入口手前にかかっていた宇宙写真「宇宙への旅−25年の歴史」(→紹介)は大変すばらしく、暗く静かな宇宙へ行った人たちの息づかいが伝わってくるようだった。よく見る写真がいくつもあったにもかかわらず、大きく美しいプリントで見ると印象がずいぶん変わる。黒の黒さに遠慮がないというか、生きるものを寄せ付けない黒さ。宇宙へ行くって、こういうことなのか。

モリナガ・ヨウの、王立科学博物館の原画は細かさにため息。第3弾早くこいこい。

ISS飛行軌道に基づく球体モデル」(→写真※説明が間違ってます)は、現物を手に取ることができて大満足。地球の大きさに対して、ISSの軌道は高いような低いような、不思議な深さの溝になっている。これで高度400キロ。

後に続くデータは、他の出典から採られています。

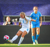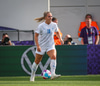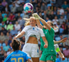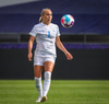 Fyrirgjöf inn á teiginn sem mér sýnist Karólína skalla í burtu.
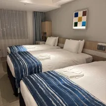 整體都算滿乾淨的,但是入住的房間內浴簾有髒物(感覺像鼻屎)除此以外,其他都很好~ 二樓人很多!除了第一天有下去吃宵夜 其他天數就都吃外面~ 整體服務還是不錯的! 三人房 空間足夠~兩大兩小可以
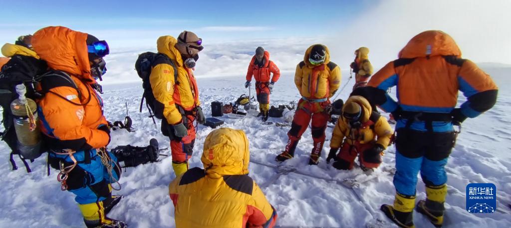 10月1日凌晨3時,科考隊員從海拔7100米的卓奧友峰C2營地出發(fā),歷經(jīng)6個多小時攀登,于當(dāng)日9時15分抵達(dá)海拔8201米的卓奧友峰峰頂,成功架設(shè)海拔8201米的自動氣象站。
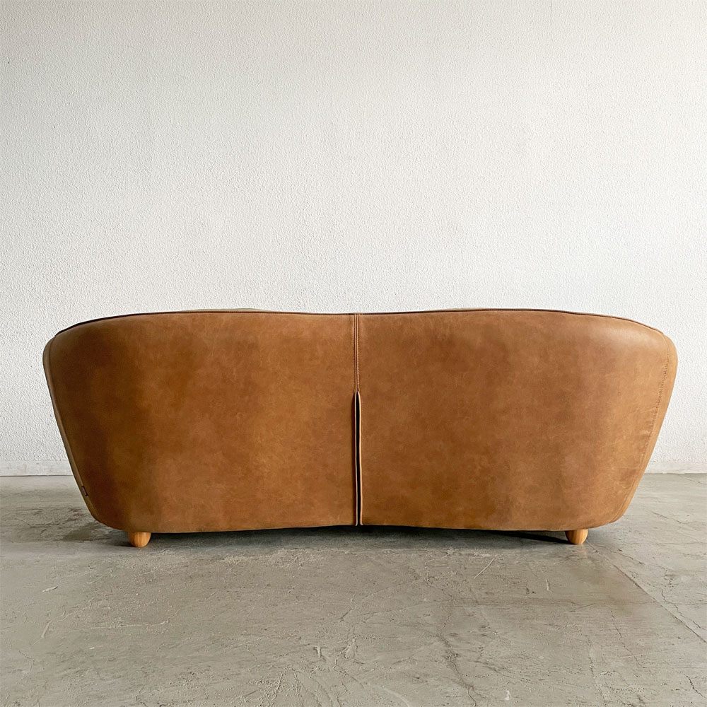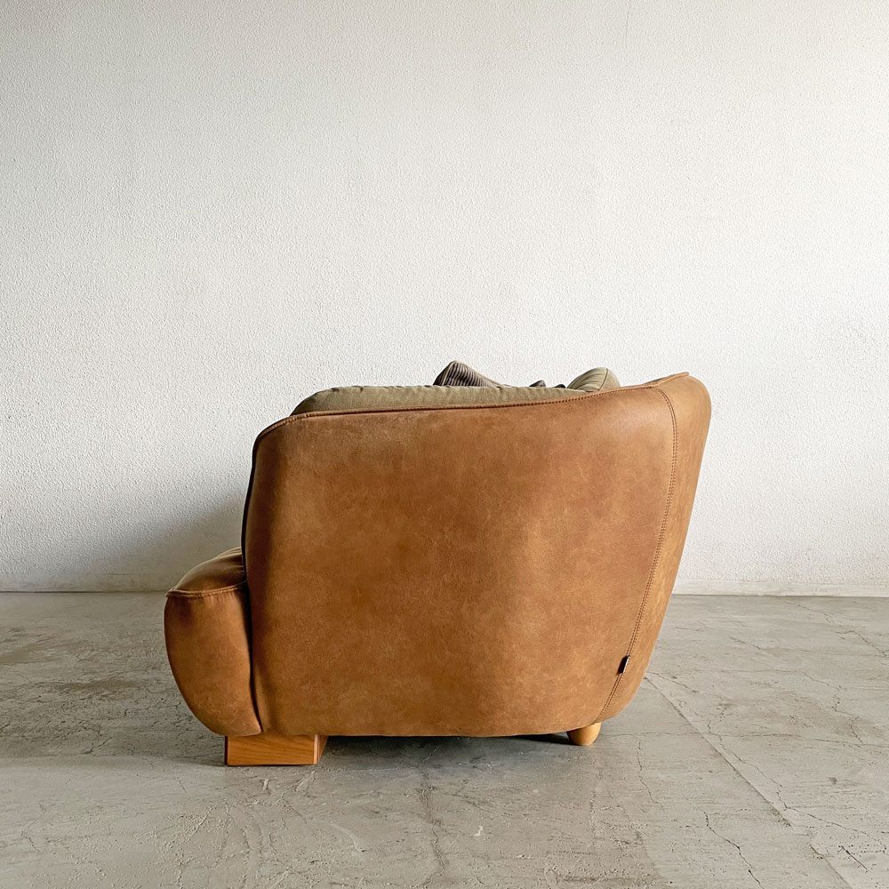 コロンとした丸みのある背もたれのフォルムが特徴的な1台。複雑なフレーム構造をもつため、職人の手作業により丁寧に張り込みがなされるなど随所にこだわりが詰まっています。

[書影:イマジナリー・ナンバーズ―コンピュータによるヴィジュアル・プログラミング・ラボラトリー] 木本圭子の「イマジナリー・ナンバーズ」(→紹介)は、数式で表された点がきわめて細かな粒子として表現されているもの。フィルムに細かく細かく描かれた点が美しい。単なる点の集まりだけれど、視覚に入ってくる情報が多いから「鑑賞」できる。そういう点ではメガスターに似ている。

動画も展示されていたが、普通のビデオプロジェクターが使われていたのが惜しい。IBMの超高精細モニタ「T221」で見てみたいと思った。これは22.2インチで3840×2400ピクセルという、とんでもない解像度を持っている。実際に見ると、デスクトップのアイコンは数ミリ角しかなく、ほとんど判別不能である。こういう高密度の画面で砂のような点がうねっていたら、なにか違うものを感じるかもしれない。

この展覧会が「知覚のフロンティア」を提示できていたかは、うーんちょっとどうでしょうというところだったけれど、科学とアートを結ぶ試みはさらに続けてほしい。